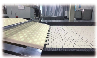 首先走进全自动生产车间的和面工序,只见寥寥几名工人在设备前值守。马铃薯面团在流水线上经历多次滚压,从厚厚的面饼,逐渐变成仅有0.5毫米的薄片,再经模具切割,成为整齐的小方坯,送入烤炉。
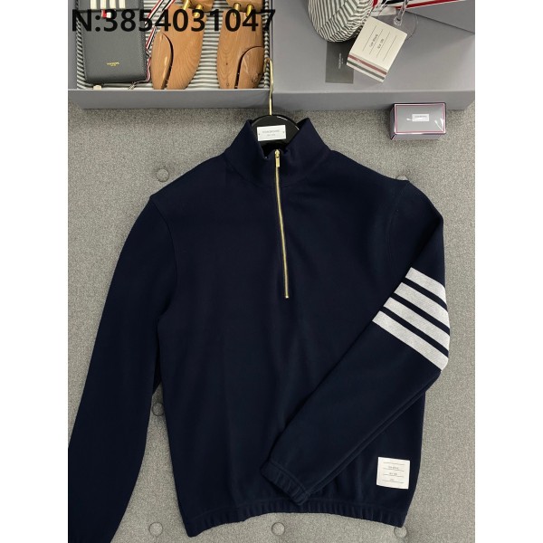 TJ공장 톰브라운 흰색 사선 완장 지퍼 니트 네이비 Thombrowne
* * *
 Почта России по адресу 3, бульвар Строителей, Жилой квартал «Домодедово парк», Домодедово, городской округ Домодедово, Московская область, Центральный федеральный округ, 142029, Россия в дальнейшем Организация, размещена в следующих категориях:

WORK TO BE COMPLETED: From the data above, return only the lines starting at the line that holds "首先走进全自动生产车间的和面" and ending at the line that holds "TJ공장 톰브라운 흰색 사선 완장 지퍼 니트 네이비 Thombrowne", word for word and without pictures.

WRITTEN REPLY:
 首先走进全自动生产车间的和面工序,只见寥寥几名工人在设备前值守。马铃薯面团在流水线上经历多次滚压,从厚厚的面饼,逐渐变成仅有0.5毫米的薄片,再经模具切割,成为整齐的小方坯,送入烤炉。
 TJ공장 톰브라운 흰색 사선 완장 지퍼 니트 네이비 Thombrowne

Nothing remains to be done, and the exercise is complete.